Of course, this comes out the same as the case when the catastrophe happens at the end of the 100 year appraisal, but it’s satisfying to write code that suggests Thanos might not be right on this.

Overpopulation (MCU)

Many people have written at length about how our earth isn’t actually overpopulated. Mostly because the exponential growth seems to slow into a sigmoid curve as areas become more economically developed.

Maybe this doesn’t apply in the MCU, maybe the human superpower is that we can control our fertility.

But, an overpopulation catastrophe must be because there are more people (and Groots are people) than the universe can support.

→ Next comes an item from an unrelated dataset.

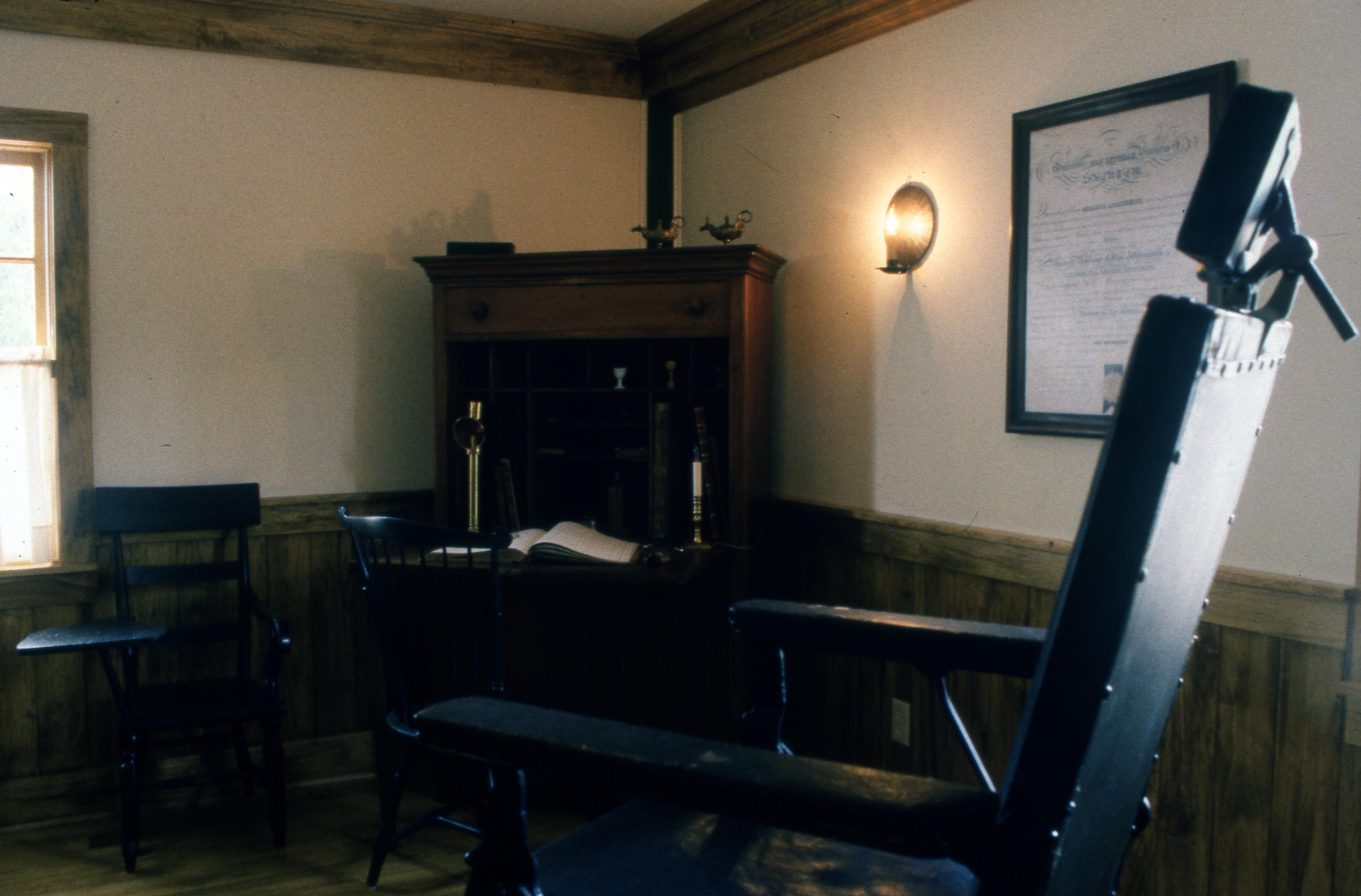 Kemmerling House/1850s Doctor's Office: The Kemmerling House was relocated from town Block 4 J/SE to the new location at 611 Church Street, beside the Beal House. The Kemmerling House was remodeled into the 1850s Doctor's Office, a gift to the town of New Harmony from Mead Johnson. The Kemmerlings were listed in the 1882 Posey County Directory (as Kimmerlin) as being New Harmony Township farmers. Elmer Buchta Moving Engineers was contracted for this and many other building moves during the 1970s. This is a photo of the examination chair which sat in the center of the exam room. The Doctor's desk can be seen in the corner near the center of the photo.

  1. The MCU shows no sign of lack of resources. Like this universe, it seems that energy is convertible into any resource you need. The dwarf uses the energy of a dying neutron star to make an awesome axe, and there’s no shortage of neutron stars.
  2. Our laws of thermodynamics don’t seem to apply in the MCU. Or at least, the MCU isn’t a closed system. Dr Strange interacted with a universe where time didn’t exist. Strange could open a portal to a universe where entropy flows the opposite direction, and we have unlimited energy.1

The history of the overpopulation idea has been one that supports restrictions on breeding, as otherwise: (Graph illustrative, ignore the numbers.)

Really, Thanos has a policy where he’s going to have to use the gauntlet every so often because the universe will keep getting overpopulated.

Except he’s wrong, because there’s no resource crisis.

And he doesn’t care. He has the Time Stone, he could have performed a much better analysis than me, and chose not to.


  1. I briefly looked into how much energy we could get out of Cyclops, but the X-men are Marvel, but not MCU. Maybe a later post.